Choice Hotels International, Inc. (NYSE: CHH) (the “Company” or “Choice”), today called upon the board of directors of Wyndham Hotels & Resorts, Inc. (NYSE: WH) (“Wyndham”) to engage in good faith discussions so that shareholders of both companies can benefit from the compelling combination.
Patrick Pacious, President and Chief Executive Officer of Choice, said, “We appreciate the positive feedback we have received since first making our proposal public, particularly the support from both companies’ shareholders and franchisees. Through our conversations with these stakeholders, we are encouraged by their clear understanding of the natural fit of the two businesses and belief in the combined company’s ability to drive greater shareholder returns, franchisee profitability, and strategic benefits. They, and others, share our perspective that a transaction is pro-competitive, has a clear path to completion, and creates a combined company with a strong free cash flow profile to support both rapid deleveraging and investments for growth.”
Mr. Pacious continued, “We respect Wyndham’s desire to achieve the best outcome for its shareholders, but that can’t happen if Wyndham unilaterally ends our discussions. Both companies’ shareholders have expressed to us their understanding of the tremendous value this combination could deliver. As recently as a few weeks ago, Wyndham prepared a critical information request list, on which both parties broadly aligned, to help Choice and Wyndham close any remaining value gaps. Wyndham then disengaged before any information was exchanged. We therefore strongly urge Wyndham to return to the discussions. Choice is ready to move expeditiously to negotiate binding terms, including mechanisms to provide market standard protections for Wyndham shareholders.”
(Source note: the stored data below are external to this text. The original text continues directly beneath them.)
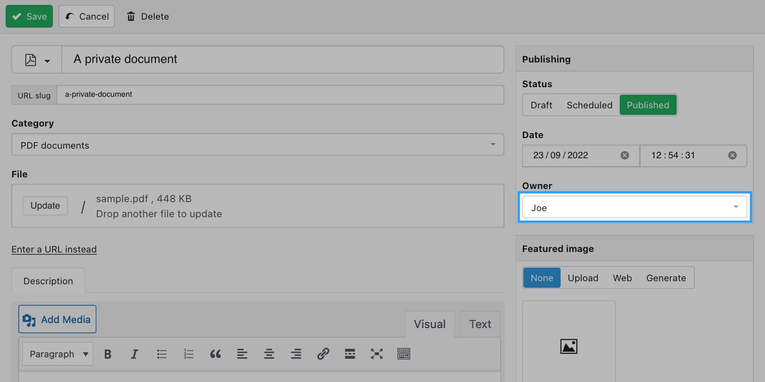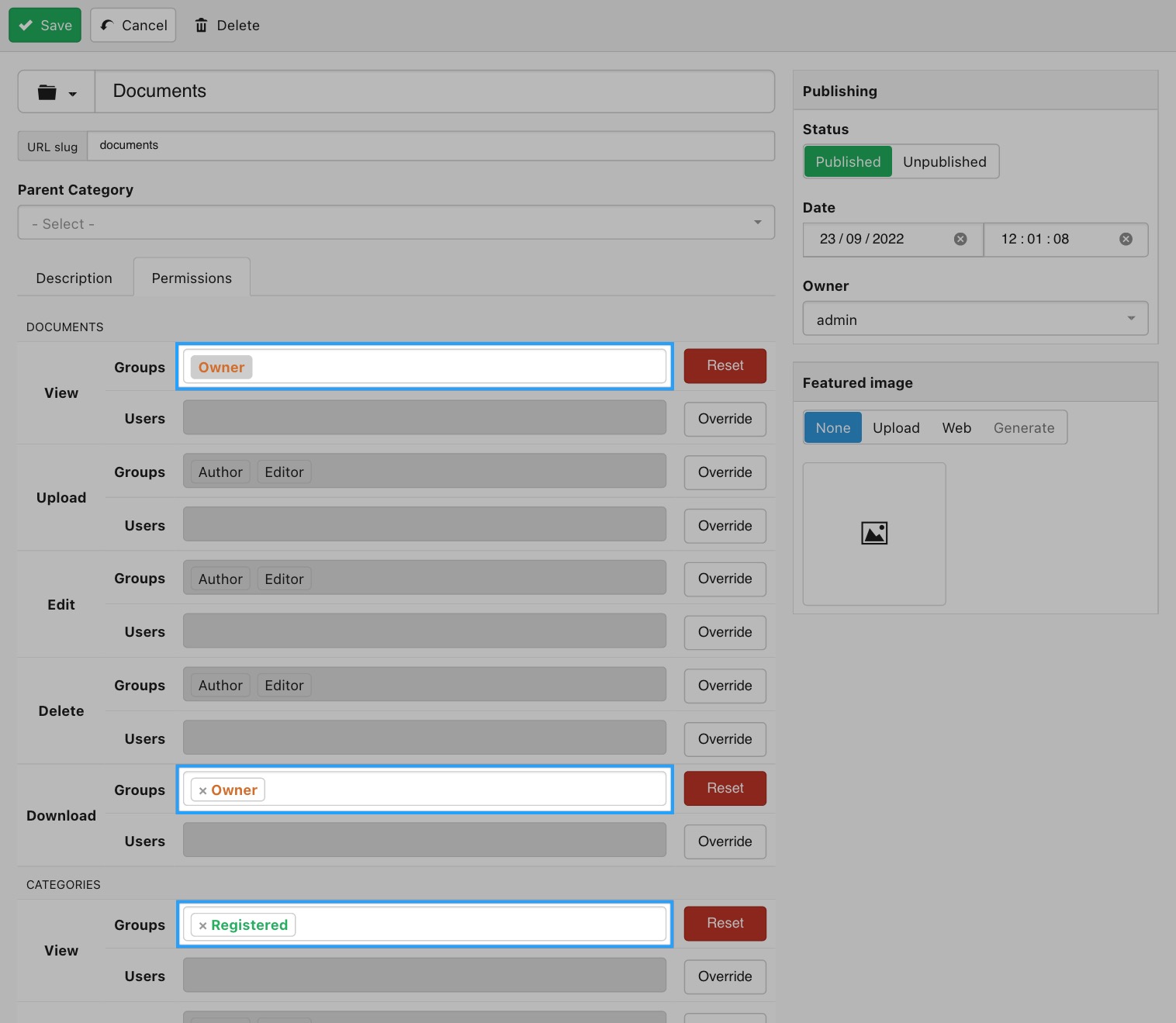 Tip: When setting the permissions, you can do the same on a parent category or even in the global Documents > Settings view instead of assigning the same settings on each category containing documents that you want to share individually. Permissions are inherited from global settings and parent categories saving you from having to set them on each individual category.
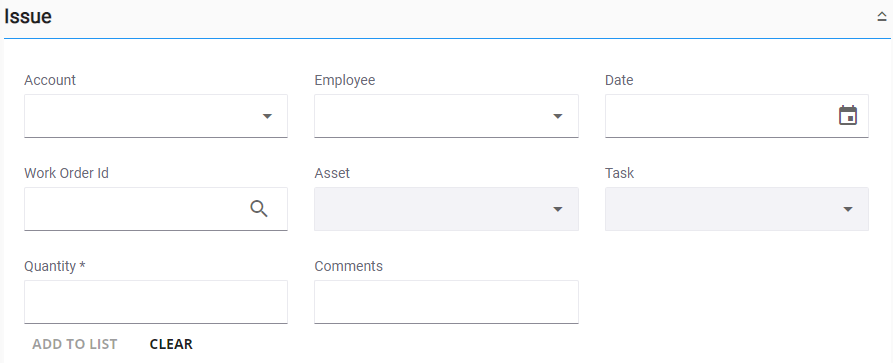 Issue is used to track inventory as materials are distributed for use. This also issues materials from a storeroom and assigns them to work orders (and entities), accounts, and/or employees.
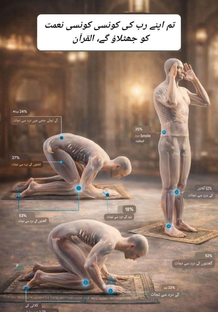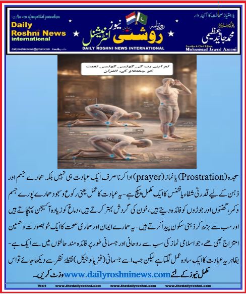 ہالینڈ(ڈیلی روشنی نیوز انٹرنیشنل )سجدہ یا نماز ادا کرنا صرف ایک عبادت ہی نہیں بلکہ ھمارے جسم اور ذہن کے لیے قدرتی شفاء یا فٹنس کا ایک مکمل پیکج ہے- یہ عبادت کا عمل یعنی رکوع و سجود ھمارے پورے جسم و کمر، گھٹنوں اور جوڑوں کو فائدہ دیتے ہیں، خون کی گردش بہتر کرتے ہیں، دماغ کو زیادہ آکسیجن پہنچاتے ہیں اور سب سے بڑھ کر ذہنی سکون پیدا کرتے ہیں- یہ ھمارے ایمان اور ھماری صحت کا ایک خوبصورت و حسین امتزاج بھی ھے، جو اسلامی نماز کی سب سے روحانی اور جسمانی طور پر فائدہ مند حالتوں میں سے ایک ہے- بظاہر یہ عبادت کا ایک سادہ عمل لگتا ہے لیکن جب اسے جسمانی (فزیالوجیکل) نقطۂ نظر سے دیکھا جائے تو اس میں پٹھوں، جوڑوں، خون کی گردش اور ہڈیوں کی حرکت کا ایک حیرت انگیز امتزاج سامنے آتا ہے-
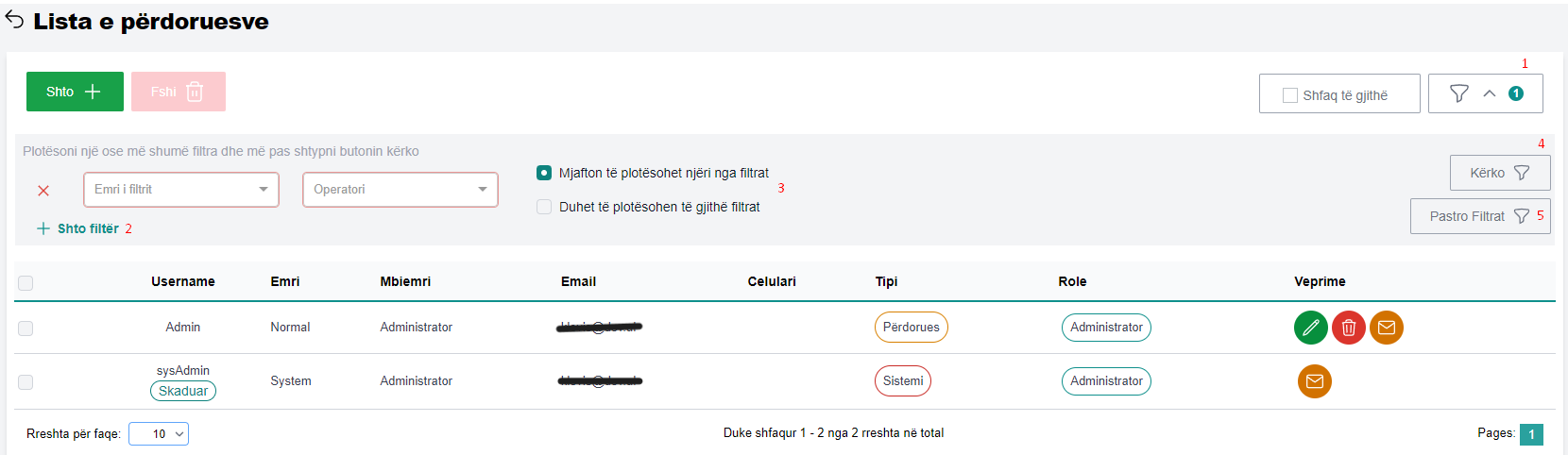Për të filtruar listën klikoni në butonin Filtro (1). Pasi të keni klikuar butonin filtro do t'ju shfaqet mundësia për të shtuar filtër duke klikuar në butonin Shto filtër (2). Për filtrat e shtuar mund të zgjidhni njërin nga opsionet Mjafton të plotësohet njëri nga filtrat/ Duhet të plotësohen të gjithë filtrat (3) (fig 17)
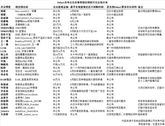 有不同明星的粉丝团先后发声称,他们在Owhat平台上的资金无法提现,平台以各种理由拖欠。目前,有粉丝团表示已经报警。
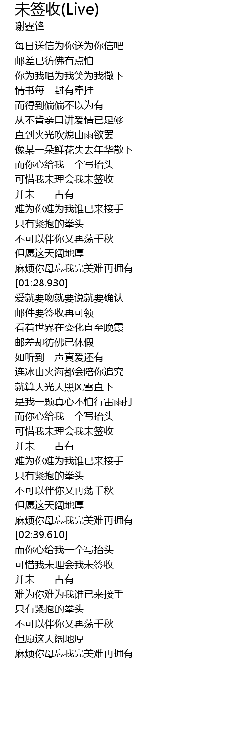 | [01:35.259] | yóu jiàn yào qiān shōu zài kě lǐng |
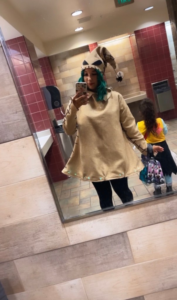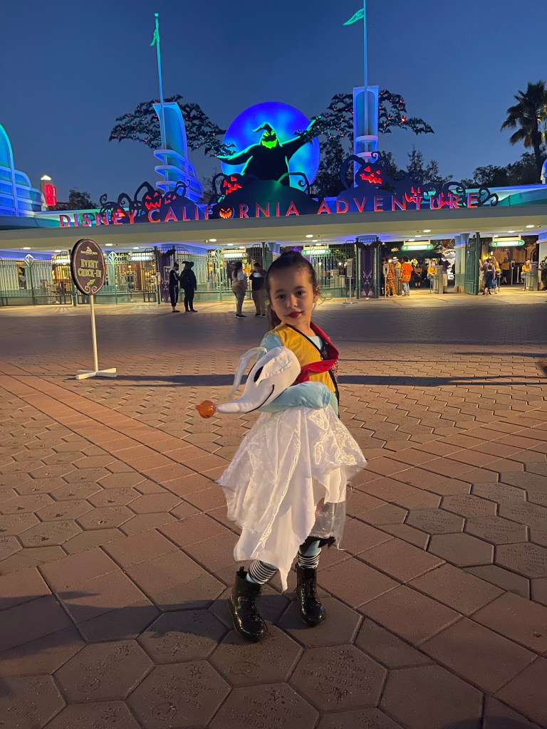 The event starts at 6pm but we can enter the park as early as 3pm. The original plan was to go early so we have more time to explore but the weather killed it. California weather was great, low 80’s, then the days leading up to the event, it got hot. At 3pm it was 96 degrees. I made the costumes to be comfy but not hot weather friendly. We ended up going at 6pm and it was still pretty warm, 88 degrees. The sun was setting but it still felt warm. I didn’t bother taking sweaters and I didn’t put on my costume until around 8pm.

Choice Management’s Track Record of Value Creation
The compelling proposal of $90.00 per share represents a 14.9x multiple of Wyndham’s consensus 2023 EBITDA estimates, a forward multiple that Wyndham has never achieved absent COVID disruptions. Furthermore, the consideration mix would allow Wyndham shareholders to both realize immediate value creation and share in the significant upside potential of the combined company. The $150 million synergy opportunity alone is expected to translate into more than $2 billion in shareholder value creation.
The Choice management team has a strong history of shareholder value creation through organic growth and acquisitions. Since 2017, the Choice management team has delivered market-leading revenue and Adjusted EBITDA growth CAGR of approximately 10% and successfully integrated the Radisson and WoodSpring Suites acquisitions. Additionally, the Choice management team has driven strong stock price performance compared to Wyndham’s performance since its spin-off in 2018, generating three times the value for its shareholders. Choice’s stock has historically traded at a higher multiple of approximately three turns compared to Wyndham, which would allow Wyndham shareholders to participate in incremental value creation following the completion of the transaction. From 2019 to 2022, Choice’s unique strategy generated Adjusted EBITDA growth of 28% compared to Wyndham’s 6%.
Choice believes its existing offer rewards Wyndham shareholders well in excess of the present value that could be achieved through a rational Wyndham standalone plan.
Transaction is Pro-Competitive and has a Clear Path to Completion
The combined company would enhance competition against larger industry participants with strong balance sheets and an established market presence across multiple segments. Many of these competitors have launched brands focused on the Economy and Midscale segments and are actively marketing to hotel owners in those segments. Large, branded alternatives for hotel owners and guests are already present across the Economy and Midscale segments, including Best Western, Extended Stay America, G6 (Motel 6), Oyo, Red Roof Inn, and Sonesta, which would continue to provide multiple options to both current franchisees or hotel owners considering adopting a brand. Many hotel owners choose to be independent and in fact, independent hotels comprise nearly two-thirds of the Economy segment and close to 40% of the Midscale segment.
Significantly, unlike businesses with centralized pricing, all Choice and Wyndham hotel franchisees have complete autonomy to set their own prices. This consumer-friendly, pro-competitive structure would continue following transaction close. Franchisees, most of whom are small business entrepreneurs, are expected to receive significant benefits from the expanded system size and synergies that a Choice-Wyndham combination would provide. The proposed transaction is expected to lower franchisee costs by increasing direct bookings and create a rewards program on par with the top two global hotel rewards programs. Reducing reliance on third-party distribution channels and increasing rewards member guests has been a proven formula for improving hotel profitability. For these reasons, we were not surprised that many of our and Wyndham’s franchisees have expressed their support for the proposed transaction.
Strong Pro Forma Financial Profile of Combined Company
The proposed transaction combines two complementary hotel franchising companies, accelerating opportunities for sustained long-term growth. The combined company’s asset-light franchising model generates durable and predictable free cash flow that provides financial strength and stability for stakeholders. The combined company’s significant Adjusted EBITDA margin expansion and high free cash flow is expected to support pro-competitive growth investments. On a pro forma synergized basis, the combined company is expected to generate pro forma free cash flow of approximately $1 billion in 2024, which would enable the combined company to rapidly reduce leverage while investing for growth.